Anticoagulants: The polysaccharides sulfated fucan and fucosylated chondroitin sulfate may potentiate the actions of anticoagulants (8).

References
  1. Yang P, et al. Inhibition of proliferation of PC3 cells by the branched-chain fatty acid, 12-methyltetradecanoic acid, is associated with inhibition of 5-lipoxygenase. Prostate 2003; 55(4):281-91.
  2. Tong Y, et al. Philinopside A, a novel marine-derived compound possessing dual anti-angiogenic and anti-tumor effects. Int J Cancer 2005; 114(6):843-53.
  3. Maier MS, et al. Two new cytotoxic and virucidal trisulfated triterpene glycosides from the Antarctic sea cucumber Staurocucumis liouvillei. J Nat Prod 2001; 64(6):732-36.
  4. Zou ZR, et al. Intercedensides A-C, three new cytotoxic triterpene glycosides from the sea cucumber Mensamaria intercedens Lampert. J Nat Prod 2003; 66(8):1055-60.

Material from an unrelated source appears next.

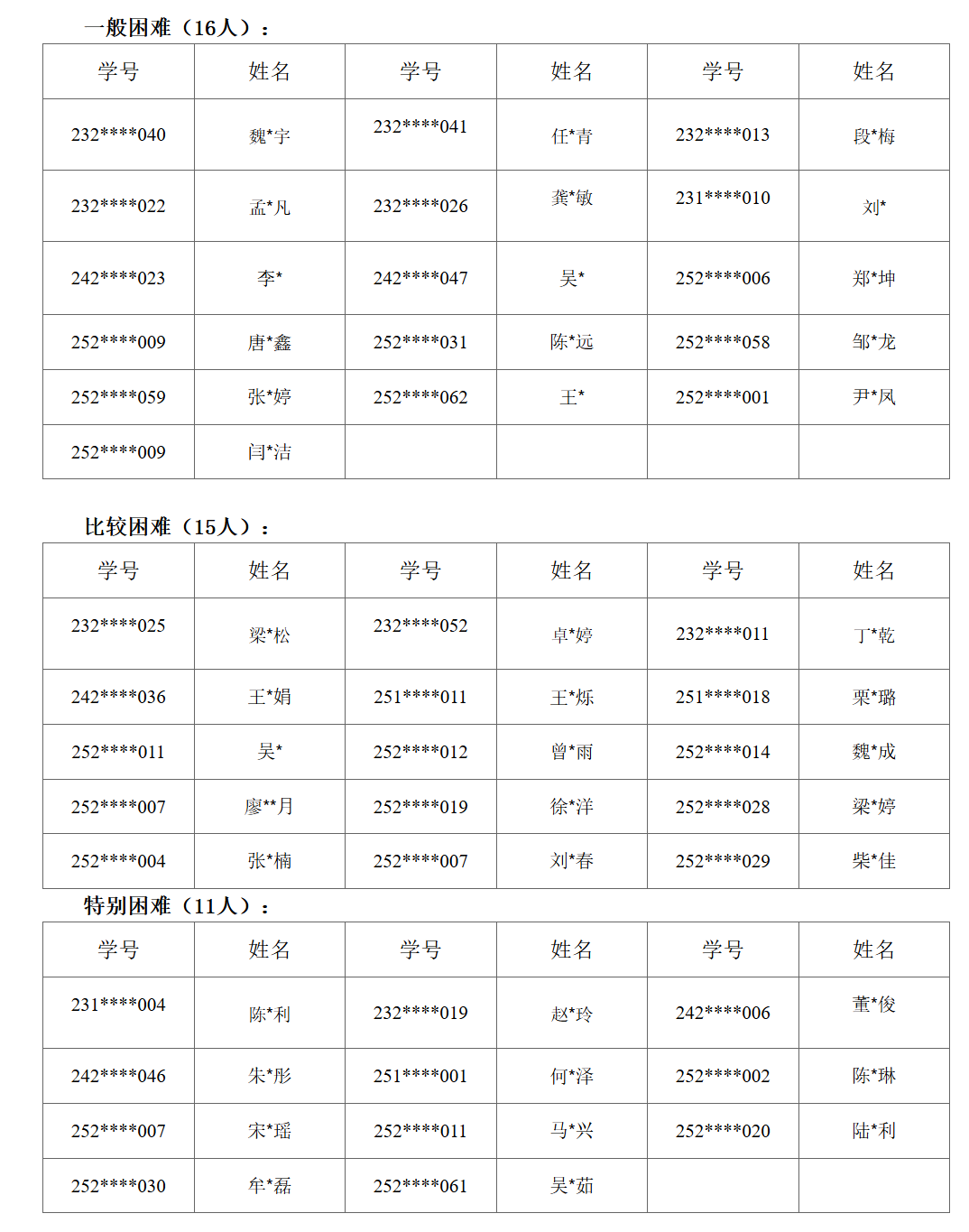 根据《关于开展XC体育2025-2026学年家庭经济困难员工认定工作的通知》的要求,经员工申请,XC体育家庭经济困难认定工作民主评议小组对申请员工进行了集中评议和认定,认定结果公示如下:

  5. Taiyeb-Ali TB, et al. Efficacy of ’Gamadent’ toothpaste on the healing of gingival tissues: a preliminary report. J Oral Sci 2003; 45(3):153-59.
  6. Antonov AS, Avilov SA, Kalinovsky AI, et al. Triterpene glycosides from Antarctic sea cucumbers. 1. Structure of liouvillosides A1, A2, A3, B1, and B2 from the sea cucumber Staurocucumis liouvillei: New procedure for separation of highly polar glycoside fractions and taxonomic revision. J Nat Prod. 2008 Oct;71(10):1677-85.
  7. Antonov AS, Avilov SA, Kalinovsky AI, et al. Triterpene glycosides from Antarctic sea cucumbers III. Structures of liouvillosides A(4) and A(5), two minor disulphated tetraosides containing 3-O-methylquinovose as terminal monosaccharide units from the sea cucumber Staurocucumis liouvillei (Vaney). Nat Prod Res. 2011 Aug;25(14):1324-33.
  8. Fonseca RJ, Santos GR, Mourão PA. Effects of polysaccharides enriched in 2,4-disulfated fucose units on coagulation, thrombosis and bleeding. Practical and conceptual implications. Thromb Haemost. 2009 Nov;102(5):829-36.
  9. Attoub S, Arafat K, Ge´laude A, et al. Frondoside A Suppressive Effects on Lung Cancer Survival, Tumor Growth, Angiogenesis, Invasion, and Metastasis. PLoS ONE 2013; 8(1): e53087.
  10. Dufayet L, Caré W, de Haro L, et al. Acute occupational exposure to holothurians (Cucumaria frondosa) resulting in irritating symptoms: About three cases. Toxicon. Jan 15 2021;189:45-47.